Download or read book written by and published by U of Nebraska Press. This book was released on with total page 443 pages. Available in PDF, EPUB and Kindle. Book excerpt:

Book The Review of Reviews

Download or read book The Review of Reviews written by Albert Shaw and published by . This book was released on 1894 with total page 874 pages. Available in PDF, EPUB and Kindle. Book excerpt:

Book Administration and Use of Public Lands

Download or read book Administration and Use of Public Lands written by United States. Congress. Senate. Committee on Public Lands and Surveys and published by . This book was released on 1943 with total page 1674 pages. Available in PDF, EPUB and Kindle. Book excerpt:

Book Raphael Pumpelly s Arizona

Download or read book Raphael Pumpelly s Arizona written by C. Gilbert Storms and published by Wheatmark, Inc.. This book was released on 2022-02-24 with total page 144 pages. Available in PDF, EPUB and Kindle. Book excerpt: Raphael Pumpelly came to the mountains south of Tucson, Arizona, in 1860 as a young mining engineer looking for adventure. He was just twenty-three years old and a recent graduate of the prestigious Royal Mining Academy in Germany. During his time in the Southwest, Pumpelly learned how to mine silver in Arizona and how to survive in the lawless environment of the borderlands.
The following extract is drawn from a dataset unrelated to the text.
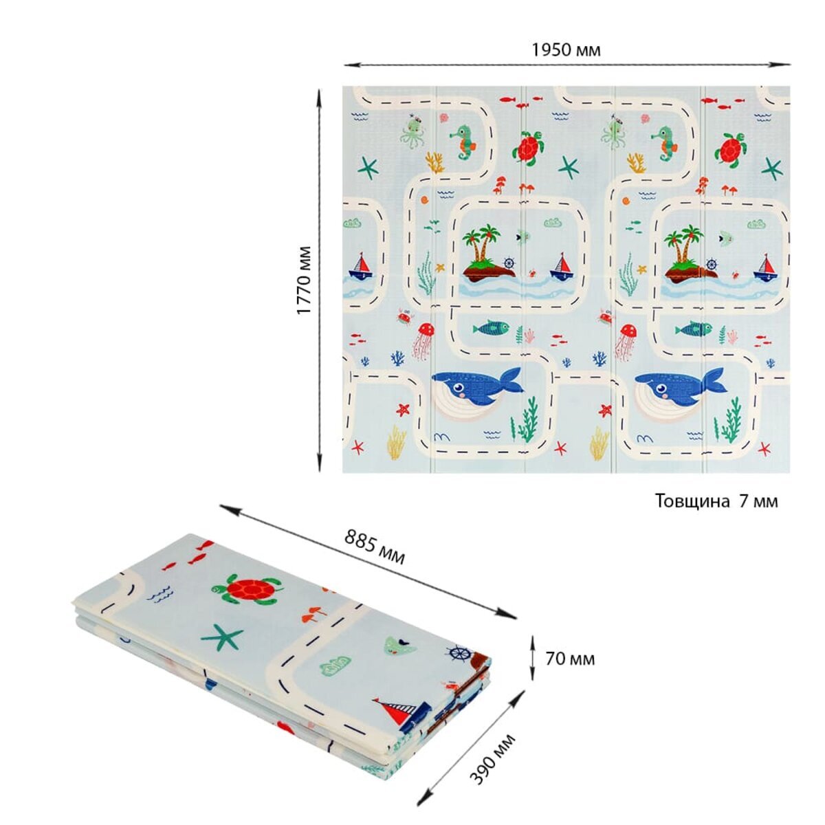 Характеристики - Дитячий складний термокилимок 177см х 195см х 7мм SW-00003036

He met miners, ranchers, soldiers, bandits, Mexican revolutionaries, and raiding Apaches in a territory where there was no law enforcement and no effective military force to oppose the attacks of hostile Indians. After he left Arizona, he became an internationally renowned geologist, a consultant to foreign governments on geology and mining, a pioneering researcher in geoarchaeology, and a professor of geology and mining at Harvard. But it all began in Arizona. An adventurer and a talented storyteller, Raphael Pumpelly's accounts stand alongside the best American pioneer writers. With lively prose and vivid detail depicting the people and events shaping the Grand Canyon State, his writings have been an invaluable resource for historians of Arizona in the chaotic years between the Gadsden Purchase in 1854 and the start of the Civil War. Raphael Pumpelly’s Arizona explores how life used to be on the western range and is a must-read for anyone interested in one of the last places to be modernized in America -- Arizona.

Book Field   Stream

    Book Details:
  • Author :
  • Publisher :
  • Release : 1981-05
  • ISBN :
  • Pages : 176 pages

Download or read book Field Stream written by and published by . This book was released on 1981-05 with total page 176 pages. Available in PDF, EPUB and Kindle. Book excerpt: FIELD & STREAM, America’s largest outdoor sports magazine, celebrates the outdoor experience with great stories, compelling photography, and sound advice while honoring the traditions hunters and fishermen have passed down for generations.